Do search and replace in your whole document: s/tlb/TLB/g

> +  IOMMU propagates the invalidation to device tlb. This will force any

					"... to the device TLB."

> +  future access by the device to this virtual address to participate in
> +  ATS. If the IOMMU responds with proper response that a page is not
> +  present, the device would request the page to be paged in via the PCIe PRI
> +  protocol before performing I/O.
> +
> +This MSR is managed with the XSAVE feature set as "supervisor state" to
> +ensure the MSR is updated during context switch.
> +
> +PASID Management
> +================
> +
> +The kernel must allocate a PASID on behalf of each process and program it

I hope this is not "on behalf of each process" but "on behalf of each
process which will use SIOV" or so. The text further on suggests that
but I sure hope you're not allocating this unconditionally for *every*
process. I'll see in next patches.

> +into the new MSR to communicate the process identity to platform hardware.
> +ENQCMD uses the PASID stored in this MSR to tag requests from this process.
> +When a user submits a work descriptor to a device using the ENQCMD
> +instruction, the PASID field in the descriptor is auto-filled with the
> +value from MSR_IA32_PASID. Requests for DMA from the device are also tagged
> +with the same PASID. The platform IOMMU uses the PASID in the transaction to
> +perform address translation. The IOMMU APIs setup the corresponding PASID
> +entry in IOMMU with the process address used by the CPU (for e.g cr3 in x86).

							"... %cr3 register... "

> +
> +The MSR must be configured on each logical CPU before any application
> +thread can interact with a device. Threads that belong to the same
> +process share the same page tables, thus the same MSR value.
> +
> +PASID is cleared when a process is created. The PASID allocation and MSR
> +programming may occur long after a process and its threads have been created.
> +One thread must call iommu_sva_bind_device() to allocate the PASID for the
> +process. If a thread uses ENQCMD without the MSR first being populated, it
> +will cause #GP. The kernel will update the PASID MSR with the PASID for all
^^^^^^^^^^^^^^^^^

"a #GP will be raised."

> +threads in the process. A single process PASID can be used simultaneously
> +with multiple devices since they all share the same address space.
> +
> +One thread can call iommu_sva_unbind_device() to free the allocated PASID.
> +The kernel will clear the PASID MSR for all threads in the process.

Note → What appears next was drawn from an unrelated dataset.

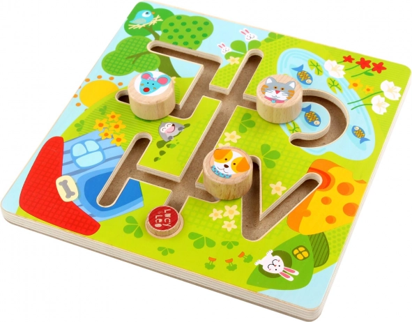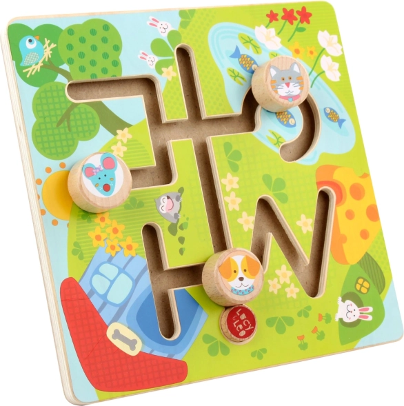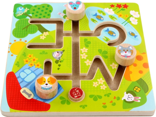 Dřevěný labyrint Slunné údolí přináší dětem radost z objevování i učení. Ilustrovaná hrací deska s rybníkem a zelení vtáhne děti do hry, kde pes, kočka a myška putují ke svým cílům. Díky plynulým drážkám se figurky snadno posouvají a hra je tak bezpečná a intuitivní.

I'm guessing it is iterating over each thread belonging to that process.
I'll see later.

> +New threads inherit the MSR value from the parent.
> +
> +Relationships
> +=============
> +
> + * Each process has many threads, but only one PASID
> + * Devices have a limited number (~10's to 1000's) of hardware
> +   workqueues and each portal maps down to a single workqueue.

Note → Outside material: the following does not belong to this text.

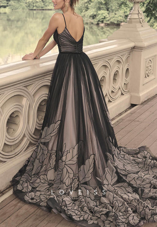 V-Neck Pleated Spaghetti Straps Appliques A-Line Wedding Dress

"portal"? This is the first time you're using that term without defining
it. An unenlightened reader like me can only guess what that means...

> +   The device driver manages allocating hardware workqueues.
> + * A single mmap() maps a single hardware workqueue as a "portal"
> + * For each device with which a process interacts, there must be
> +   one or more mmap()'d portals.
> + * Many threads within a process can share a single portal to access
> +   a single device.
> + * Multiple processes can separately mmap() the same portal, in
> +   which case they still share one device hardware workqueue.
> + * The single process-wide PASID is used by all threads to interact
> +   with all devices.  There is not, for instance, a PASID for each
> +   thread or each thread<->device pair.
> +
> +FAQ
> +===
> +
> +* What is SVA/SVM?
> +
> +Shared Virtual Addressing (SVA) permits I/O hardware and the processor to
> +work in the same address space. In short, sharing the address space.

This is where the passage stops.